(Beginning of DATA EXTRACT)

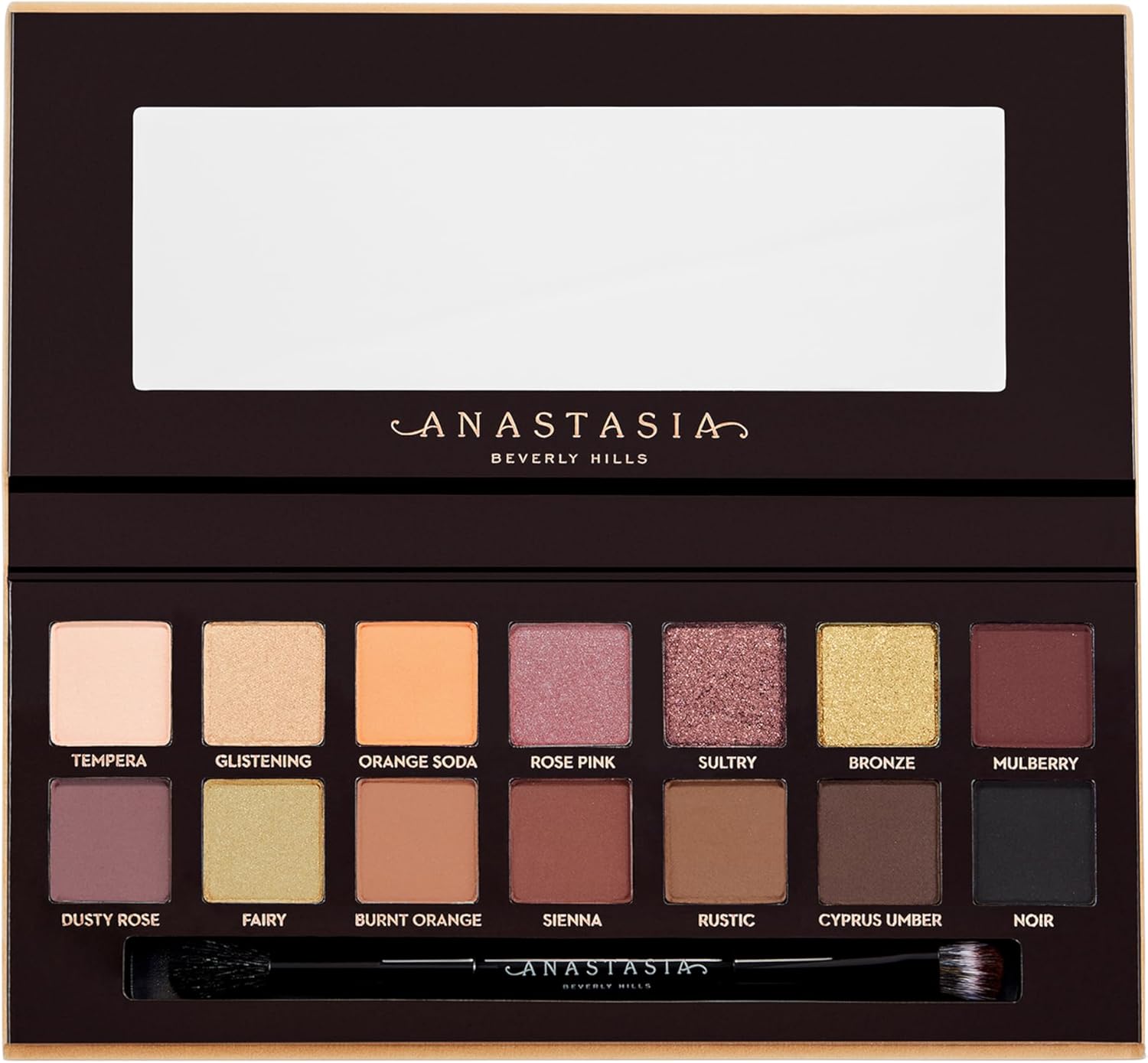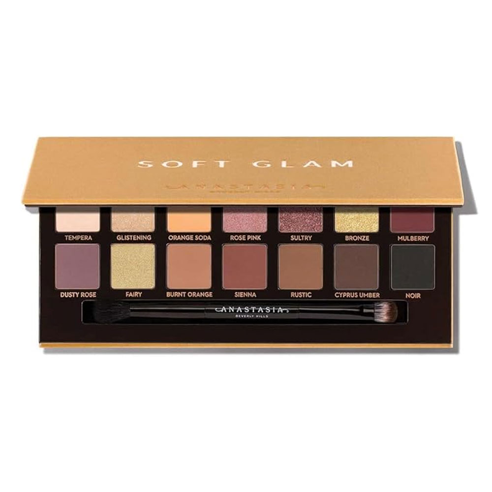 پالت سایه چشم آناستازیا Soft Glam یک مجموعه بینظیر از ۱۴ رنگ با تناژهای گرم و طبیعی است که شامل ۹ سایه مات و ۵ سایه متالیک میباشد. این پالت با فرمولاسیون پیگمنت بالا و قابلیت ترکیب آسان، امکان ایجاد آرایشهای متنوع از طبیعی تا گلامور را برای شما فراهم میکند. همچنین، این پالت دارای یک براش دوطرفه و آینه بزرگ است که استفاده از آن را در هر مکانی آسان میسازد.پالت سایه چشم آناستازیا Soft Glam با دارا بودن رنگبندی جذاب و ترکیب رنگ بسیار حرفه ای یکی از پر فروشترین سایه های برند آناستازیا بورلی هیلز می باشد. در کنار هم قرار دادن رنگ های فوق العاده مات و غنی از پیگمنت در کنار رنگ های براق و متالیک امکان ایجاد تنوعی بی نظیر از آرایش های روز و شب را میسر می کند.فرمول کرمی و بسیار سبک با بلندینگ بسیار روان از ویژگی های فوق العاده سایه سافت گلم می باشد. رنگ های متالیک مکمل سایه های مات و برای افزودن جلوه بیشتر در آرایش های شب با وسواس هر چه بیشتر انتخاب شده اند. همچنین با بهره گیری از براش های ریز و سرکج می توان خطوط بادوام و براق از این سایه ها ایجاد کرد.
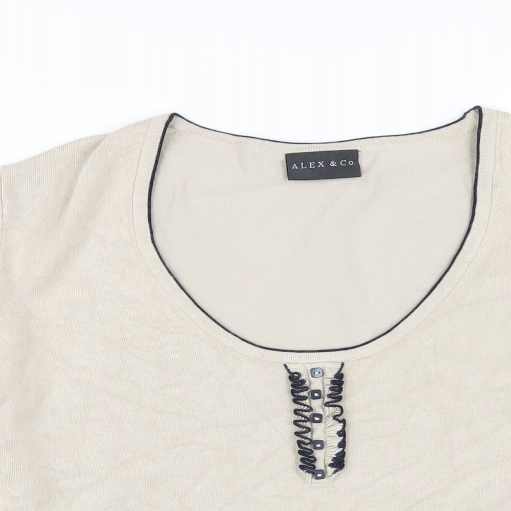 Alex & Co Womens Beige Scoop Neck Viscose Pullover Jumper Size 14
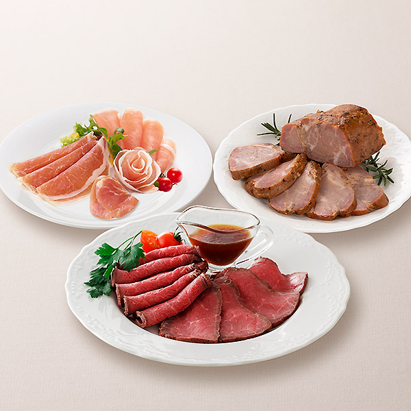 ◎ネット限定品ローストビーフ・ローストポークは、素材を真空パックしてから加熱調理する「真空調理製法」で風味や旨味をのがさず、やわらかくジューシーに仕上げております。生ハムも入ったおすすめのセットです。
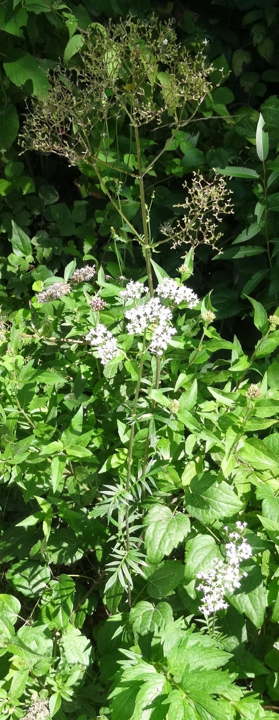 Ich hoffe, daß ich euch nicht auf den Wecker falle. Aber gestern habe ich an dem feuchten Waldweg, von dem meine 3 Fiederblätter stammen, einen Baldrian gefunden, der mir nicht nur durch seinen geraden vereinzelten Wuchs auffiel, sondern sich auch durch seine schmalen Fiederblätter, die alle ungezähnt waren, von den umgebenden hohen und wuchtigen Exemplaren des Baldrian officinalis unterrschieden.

(End of DATA EXTRACT)

WORK ITEM: Without the pictures, retype exactly the lines from the one that holds "Alex & Co Womens" to the last line of the data above, both of them included.

EXERCISE OUTPUT:
 Alex & Co Womens Beige Scoop Neck Viscose Pullover Jumper Size 14
 ◎ネット限定品ローストビーフ・ローストポークは、素材を真空パックしてから加熱調理する「真空調理製法」で風味や旨味をのがさず、やわらかくジューシーに仕上げております。生ハムも入ったおすすめのセットです。
 Ich hoffe, daß ich euch nicht auf den Wecker falle. Aber gestern habe ich an dem feuchten Waldweg, von dem meine 3 Fiederblätter stammen, einen Baldrian gefunden, der mir nicht nur durch seinen geraden vereinzelten Wuchs auffiel, sondern sich auch durch seine schmalen Fiederblätter, die alle ungezähnt waren, von den umgebenden hohen und wuchtigen Exemplaren des Baldrian officinalis unterrschieden.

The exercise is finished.